§ **DATASET EXTRACT**:
###

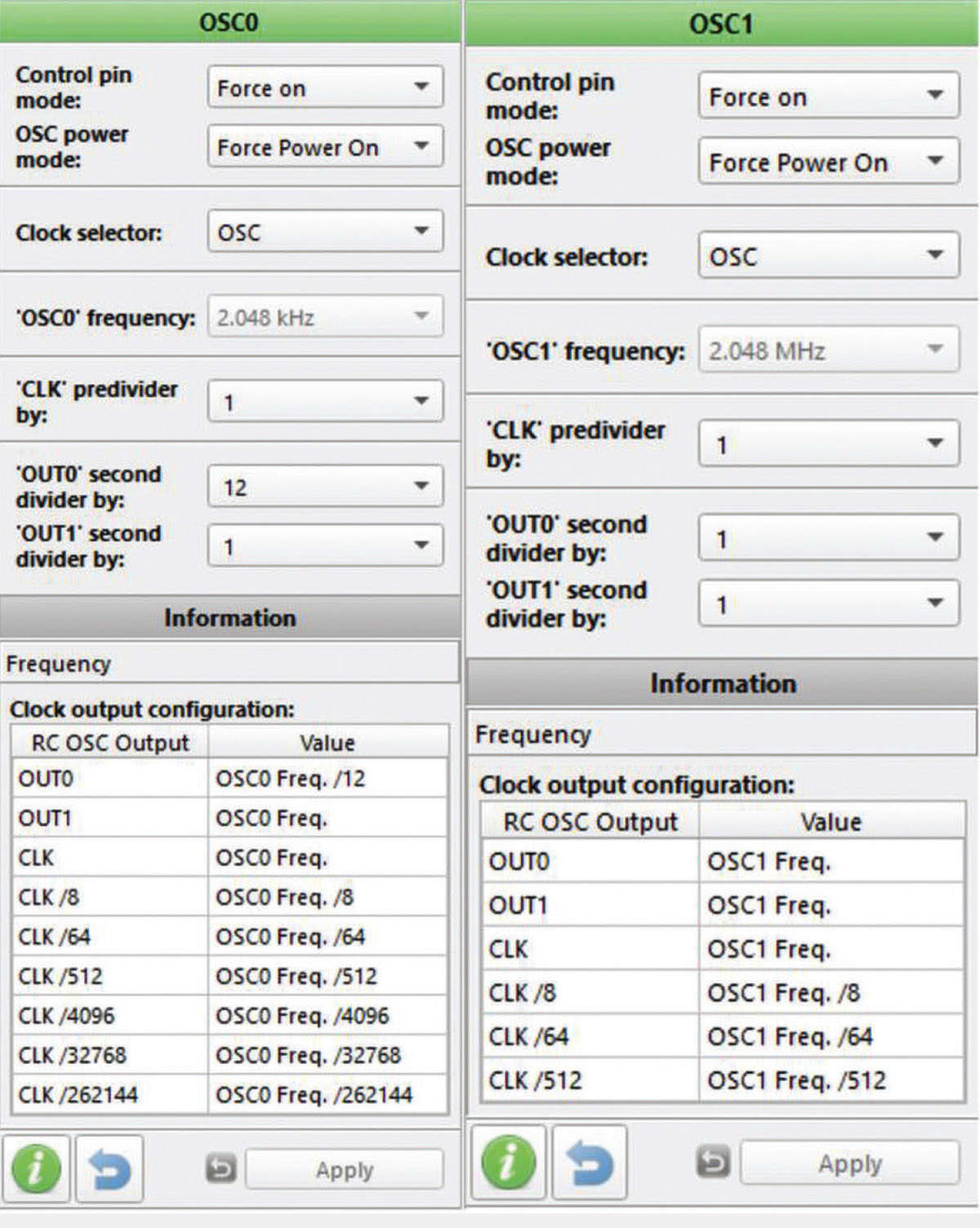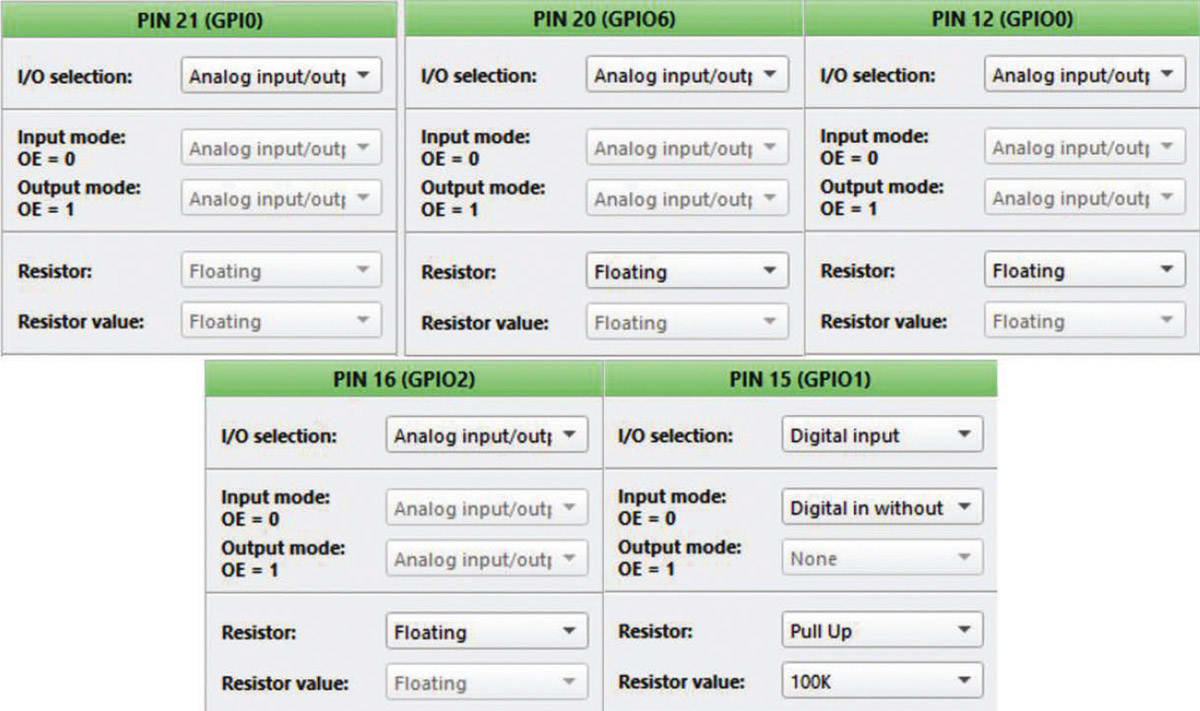 The rheostat in this project is configured as a digital potentiometer. Its configuration is shown in Figure 8. The configurations of oscillators 0 and 1 are shown in Figure 9. The I2C macrocell uses default configurations, and the general-purpose input/output (GPIO) pins 17, 18, 19, 10, and 11 have the default configuration. The remaining GPIO configurations are shown in Figure 10.
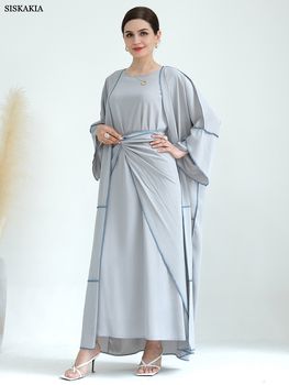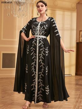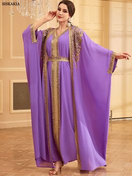 Siskakia Ramadan Sequins Dubai Abayas Arab Tunics Batwing Sleeve Dresses For Women Gala Two pieces Moroccan Elegant Kebaya
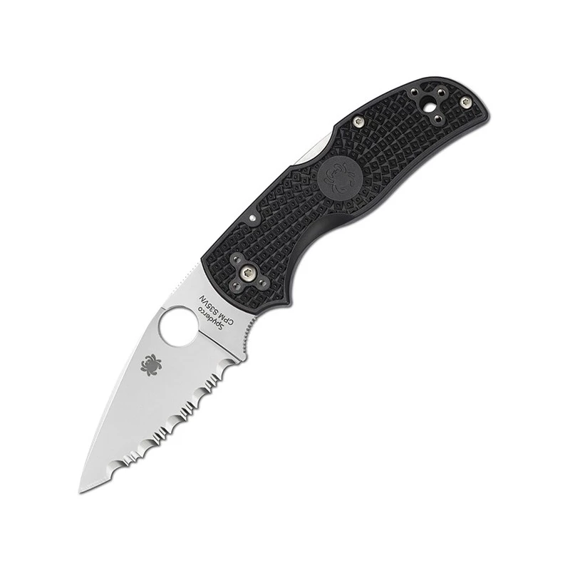Sa lame pliable en CPM S35VN de 7.6cm Satin est dentelée avec un système de verrouillage à Cran d’arrêt.

###

§ **WHAT TO DO**:
Reproduce, word for word, the lines from the one containing "Siskakia Ramadan Sequins" to the end of the material, both ends included. No picture is copied.

§ **WRITTEN REPLY**:
 Siskakia Ramadan Sequins Dubai Abayas Arab Tunics Batwing Sleeve Dresses For Women Gala Two pieces Moroccan Elegant Kebaya
Sa lame pliable en CPM S35VN de 7.6cm Satin est dentelée avec un système de verrouillage à Cran d’arrêt.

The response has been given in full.